By Remark 9, the ambiguity level \({n_{i}^{f}}(M_{i}(s))\) is computed as

$$\begin{array}{@{}rcl@{}} {n_{i}^{f}}(M_{i}(s))&=& \min\{k \in \{0,1,2\} \mid E_{Hk_{1},i}(M_{i}(s)) \cap R_{Hk_{1},mark} = \emptyset \} \\ & = & 2 \end{array} $$

for each iI.

6 Conclusion

In Takai and Kumar (2017), we presented a framework for inference-based decentralized diagnosis, supporting multi-level inferencing for disjunctive as well as conjunctive decision making schemes, and introduced the notion of N-inference diagnosability to characterize the class of diagnosable systems. This paper presents results towards the implementation of the inference-based diagnosis scheme of Takai and Kumar (2017). To this end, a method for computing the delay bound of diagnosis was developed for N-inference diagnosable systems. This delay bound is smaller than the one achieved under any other framework subsumed by the N-inference diagnosability (such as disjunctive-codiagnosability and/or conjunctive-codiagnosability with or without conditional decisions).
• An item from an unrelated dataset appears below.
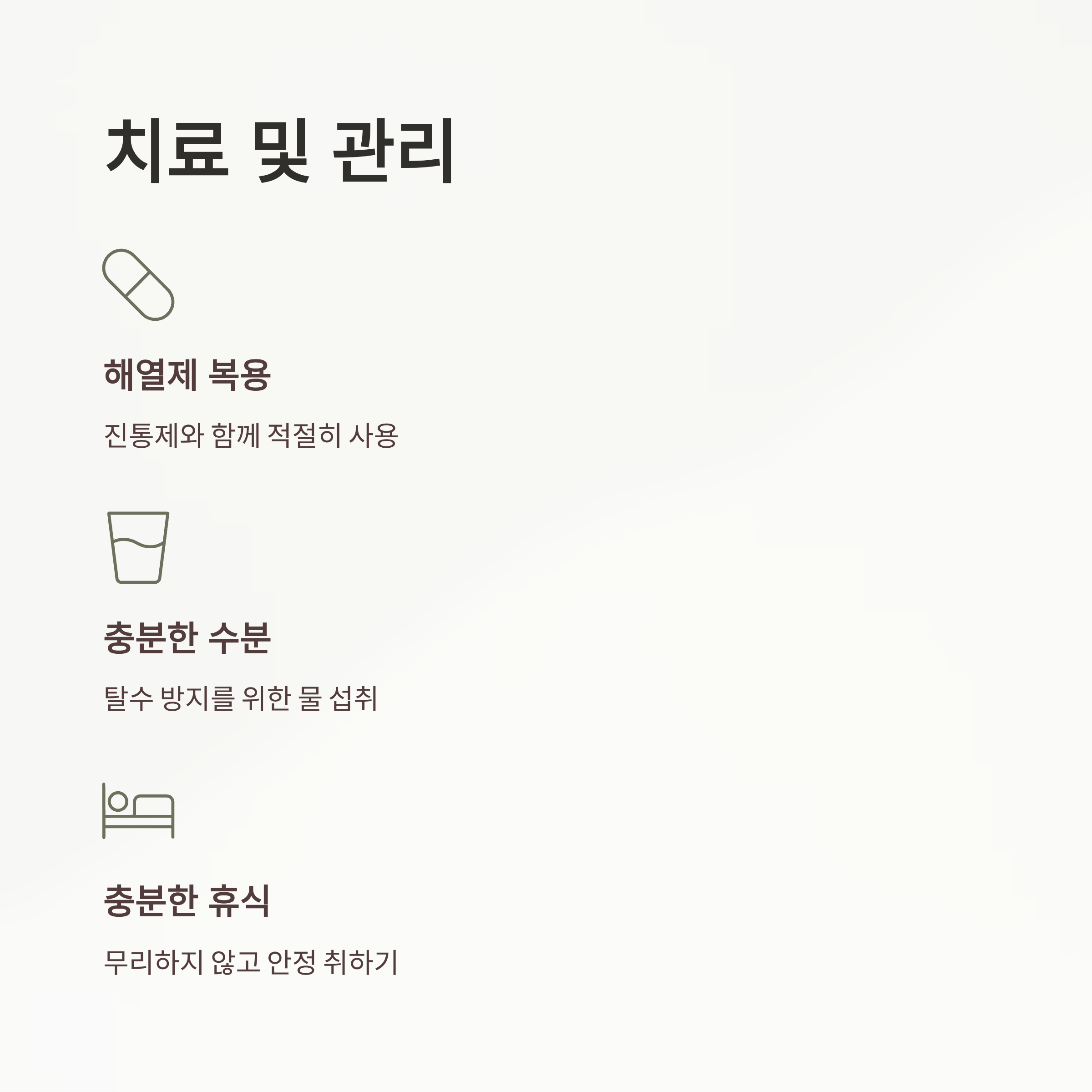 해열제 및 진통제 복용과 수분 섭취를 충분히 하면서 무리하지 않고 휴식하는 것이 중요합니다.

This delay bound was then used to identify a certain set of languages using which the local diagnosers can compute the ambiguity levels of their failure and nonfailure decisions online. The computation of the said set of languages was obtained, and a method for computing the ambiguity levels of local decisions was also reported in the paper. The complexity of offline computations (of the delay bound and the required set of languages) as well as of online diagnosis was discussed. The complexity increases with the levels of inferencing, but that also increases the class of diagnosable systems while decreases the delay of diagnosis. The complexity of the offline computations could be made more efficient through their structured representations (e.g., BDDs and symbolic computations), and can be a subject of future research.